WebDAM President Jody Vandergriff said in a statement that the new mobile app makes “brand materials available anytime within the rich, yet simplistic, experience that users have come to expect from WebDAM.” The app, free but requiring a WebDAM account, complements the existing access to WebDAM on a mobile device through a Web browser.
The new app, which supports multi-touch zooming and other gestural navigation, allows users to search, view, share and download assets as well as upload assets with one click from the mobile device. Users can approve or comment on assets and collections as part of workflows needing approval or feedback, and team members can receive push notifications to their iPad or iPhone even if the app isn’t running.
With the center of gravity for computing squarely resting on mobile devices, DAM vendors, like all other system providers, are racing to catch up. For DAM vendors, mobile can add remote accessibility for team members such as approvers. Enabling some level of access to a DAM system from a mobile device means that virtually any team member can respond to images shortly after they have been acquired, modified or readied for release.

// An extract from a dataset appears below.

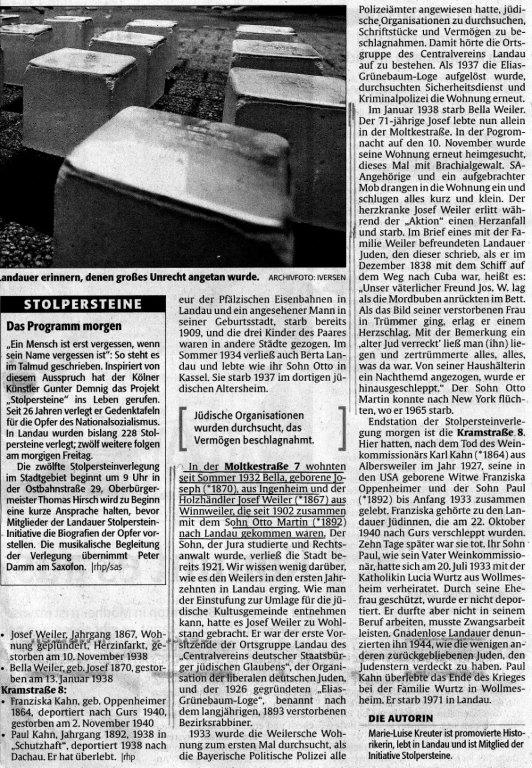 Bella / Isabella Joseph, Tochter der Eheleute Joseph Joseph und Sara ge. Marx, heiratete Joseph Weiler. Mit ihm zog sie nach Winnweiler, wo auch Sohn Otto Martin zur Welt kam. 1902 zog sie von Winnweiler nach Landau. Seit dem 01. Juli 1932 wohnte sie in Molktestr. 7. Ihr Grab befindet sich auf dem jüdischen Teil des Landauer Hauptfriedhos Grabnummer: V / 7 / 5.

In August, for instance, WoodWing released a mobile version of its Elvis DAM. It allows a user to browse and search collections, zoom, peruse metadata, issue ratings, approve or reject assets in an approval workflow or update collections.
Mobile for DAM
But some DAM-watchers have pointed out that mobile apps have limited use in this field, where large screen displays, skilled users, interfacing with publishing or marketing campaign systems and access to fast connectivity are usually required for most projects.
A story in Digital Asset Management News last December noted that mobile “provides limited opportunities for improvements to the user experience” for DAM systems, although it acknowledged that giving access to mobile personnel like sales staff can have benefits.
But the main value proposition for mobile, DAM News contended, is asset capture in the field, where images can be captured and immediately dropped into a collection. In addition, ever-cheaper tablets might eventually help save overall costs by being deployed for some users, possibly with a large screen and keyboard attached, instead of workstations.